Search code examples
pythonreadlines

Python: processing lines of a large document on the fly


I have a document that looks a bit like this:

key1 value_1_1 value_1_2 value_1_3 etc
key2 value_2_1 value_2_2 value_2_3 etc
key3 value_3_1 value_3_2 value_3_3 etc
etc

Where each key is a string and each value is a float, all separated by spaces. Each line has hundreds of values associated with it, and there are hundreds of thousands of lines. Each line needs to be processed in a particular way, but because my program will only ever need the information from a small fraction of the lines, it seems like a giant waste of time to immediately process each line. Currently, I just have a list of each unprocessed line, and maintain a separate list containing each key. When I need to access a line I'll use the key list to find the index of the line I need, then process the line at that index in the lines list. My program may potentially call for looking up the same line multiple times, which would result in redundantly processing the same line over and over again, but still seems better than processing every single line right from the start.

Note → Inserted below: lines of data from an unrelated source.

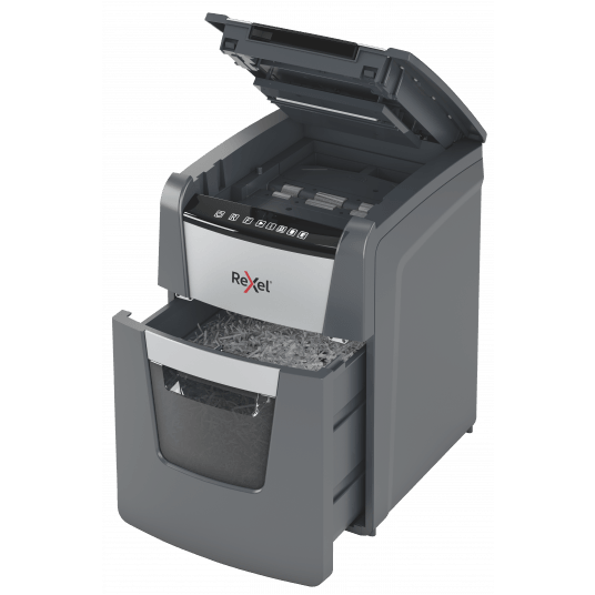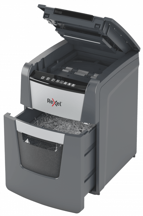 - wyposażona jest w automatyczny podajnik i 34-litrowy pojemnik na ścinki, co sprawia, że idealnie nadaje się do użytku biurowego.
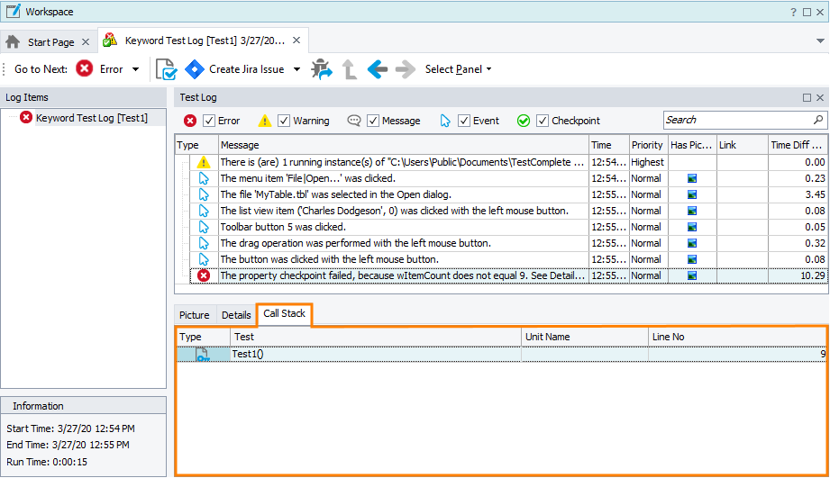 In TestComplete, tests can run each other. For example, a keyword test may run a script routine or another keyword test. Each of these tests can post messages to the test log. The Call Stack panel of the test log displays the sequence of keyword tests and script routines (call stack) that led to posting a message to the log. This information helps you better understand what happened in your project during the test run (see Collecting Call Stack Information for Log Messages).
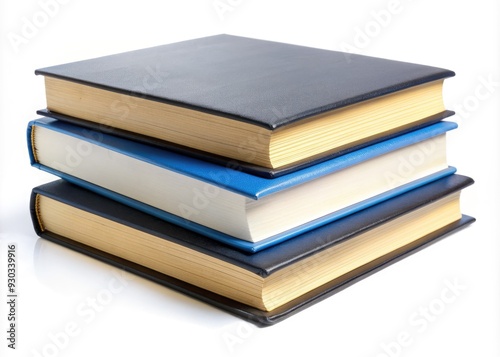 Stack of blue and black hardcover books with blank white covers and yellowed pages against a clean white background, evoking a sense of knowledge and learning.
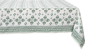 Set the stage for a homey, inviting tablescape with this linen tablecloth that evokes the folkloric beauty of hand-painted European tiles.
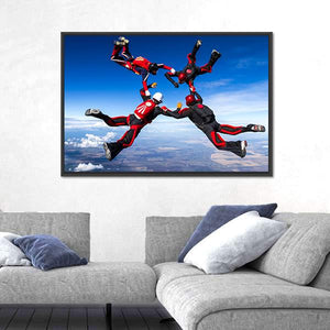 This canvas features four skydivers in formation against a clear blue sky, capturing a dynamic sense of motion. The exciting composition evokes feelings of adventure and freedom, making it a vibrant addition to any space.
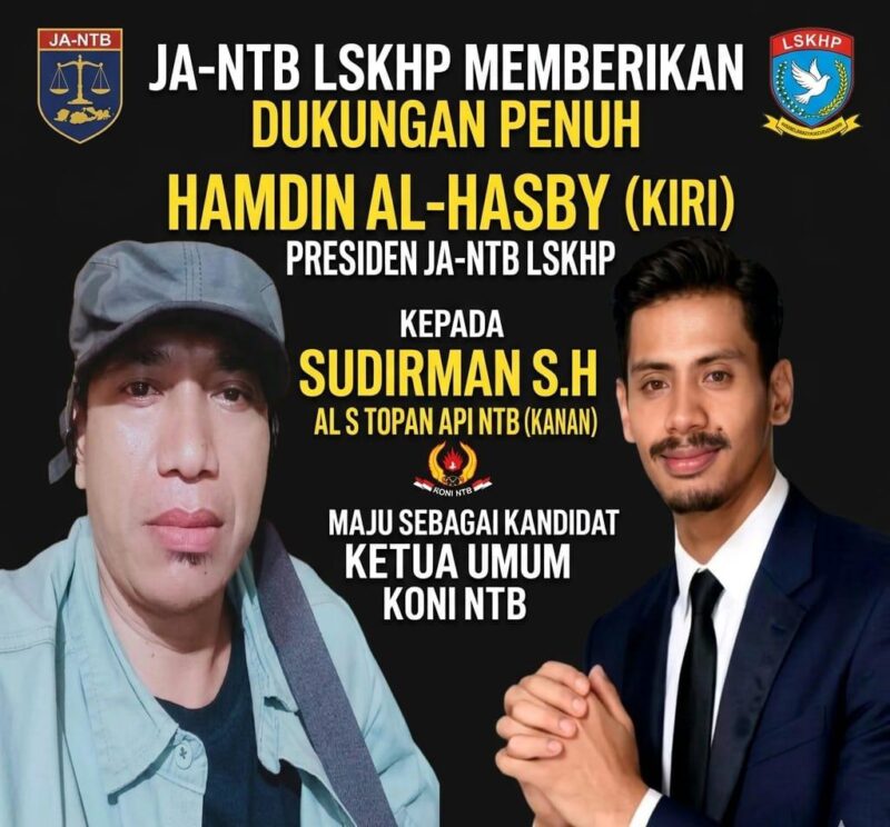Bima //TintaPos.Com// – Hamdin Al-Hasby, Presiden JA-NTB LSKHP, secara resmi menyatakan dukungan penuh kepada Sudirman, yang akrab disapa Topan, untuk maju sebagai Ketua Umum KONI Kabupaten Bima. Dukungan ini disampaikan sebagai bentuk komitmen dalam mendorong kemajuan olahraga daerah serta memperkuat tata kelola organisasi yang profesional dan berintegritas.

My question is, is there a more efficient way to do what I'm doing?

(and please let me know if I need to make any clarifications)

Thanks!


Solution

  • First I would store your lines in a dict. This probably makes lookups based on the key a lot faster. Making this dict can be as simple as d = dict(line.split(' ', 1) for line in file_obj). If the keys have a fixed width for example you could speed this up even a bit more by just slicing the lines.

    Next, if the line processing is very computationally heavy, you could buffer the results. I worked this out once by subclassing a dict:

    class BufferedDict(dict):
        def __init__(self, file_obj):
            self.file_dict = dict(line.split(' ', 1) for line in file_obj)
    
        def __getitem__(self, key):
            if key not in self:
                self[key] = process_line(self.file_dict[key])
            return super(BufferedDict, self).__getitem__(key)
    
    def process_line(line):
        """Your computationally heavy line processing function"""
    

    This way, if you call my_buffered_dict[key], the line will be processed only if the processed version wasn't available yet.